* **DATASET EXCERPT**:
· · · ·

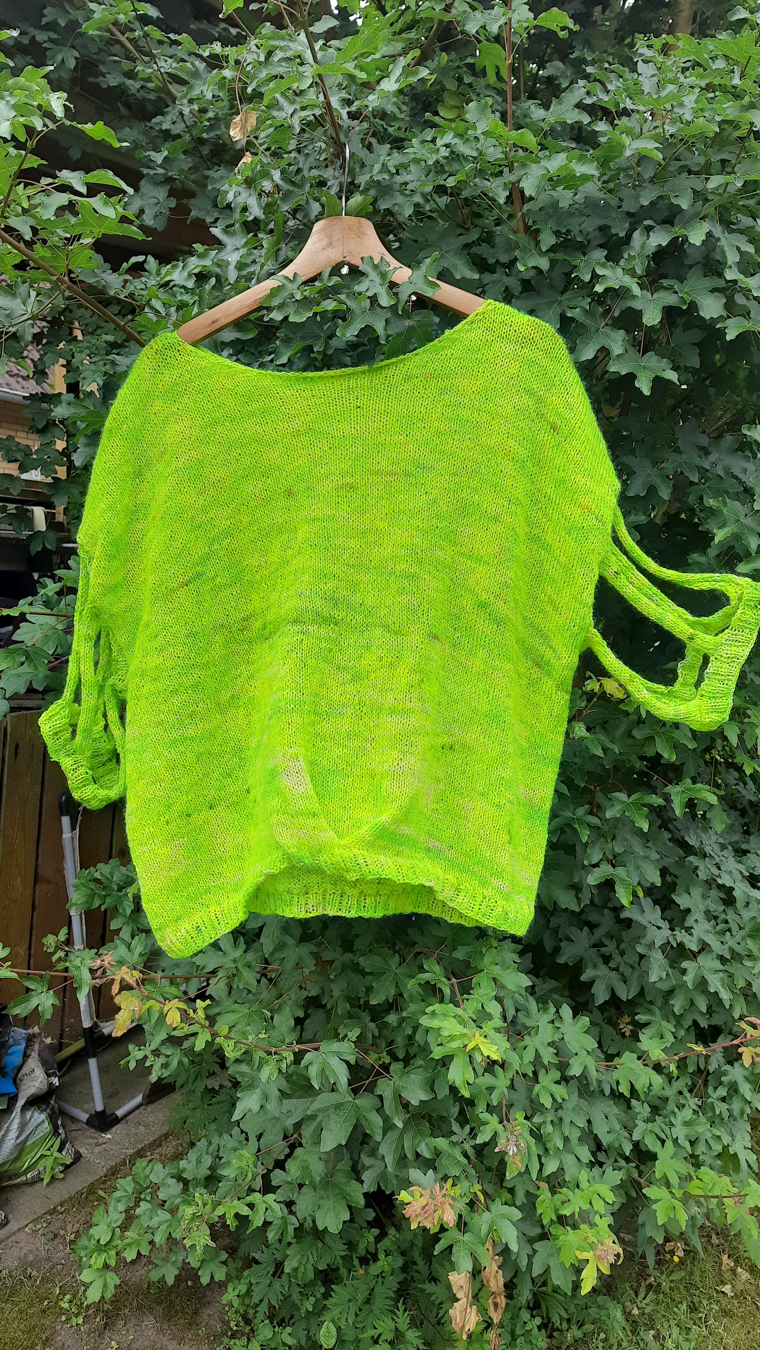 Hier ein neues Strickrezept für ein Shirt. Das schnell gestrickt und auch für Anfänger geeignet ist. Und das schöne ist, man benötigt wenig Garn. Für Größe46/48 benötigt man lediglich 2 Stränge vom Lightfingeringgarn. Ich habe in Strahlegrün gestrickt, aber es gibt auch andere tolle Farben.
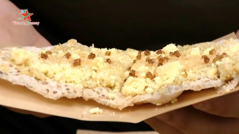 (VOVWORLD) - Это очень простое блюдо, потому что для его приготовления используются простые ингредиенты. Снаружи рисовая бумага, а внутри слой зеленой фасоли и проса с желтым и белым сахаром.
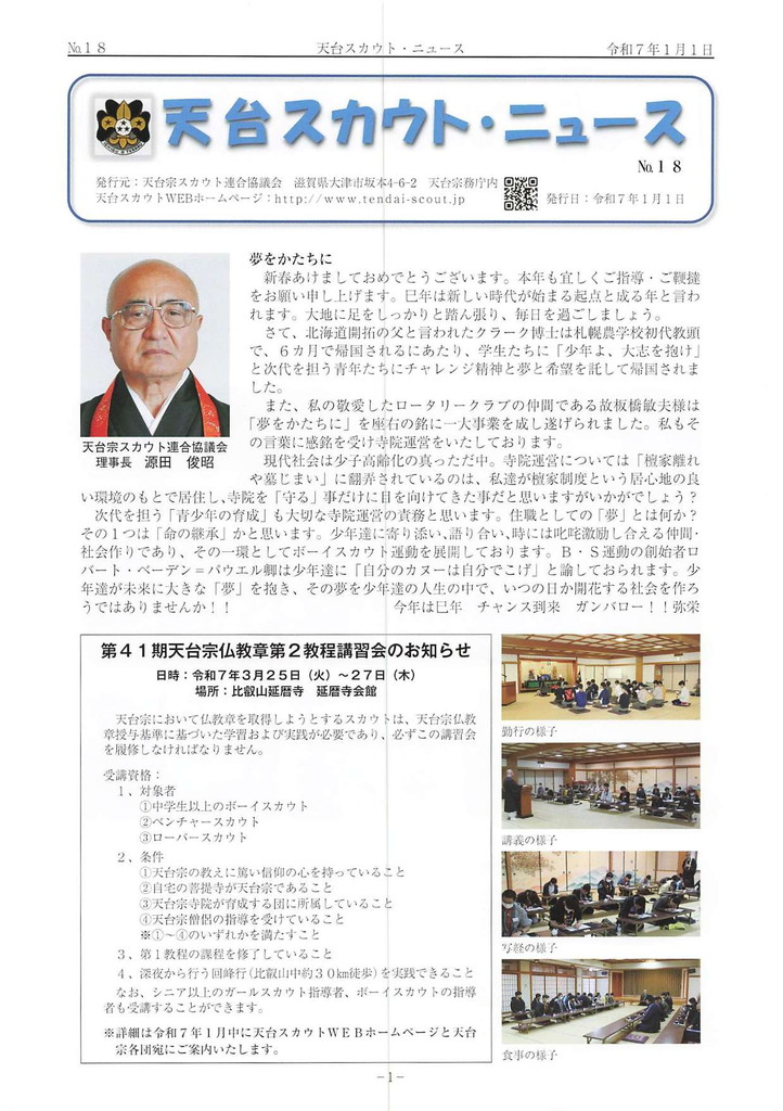 第41期天台宗仏教章講習会の告知とガールスカウト東京都150団の紹介。

· · · ·

Begin at the line containing "(VOVWORLD) - Это" and stop at the final line of the data. Retype those lines exactly, without the pictures.

* **WRITTEN SOLUTION**:
 (VOVWORLD) - Это очень простое блюдо, потому что для его приготовления используются простые ингредиенты. Снаружи рисовая бумага, а внутри слой зеленой фасоли и проса с желтым и белым сахаром.
 第41期天台宗仏教章講習会の告知とガールスカウト東京都150団の紹介。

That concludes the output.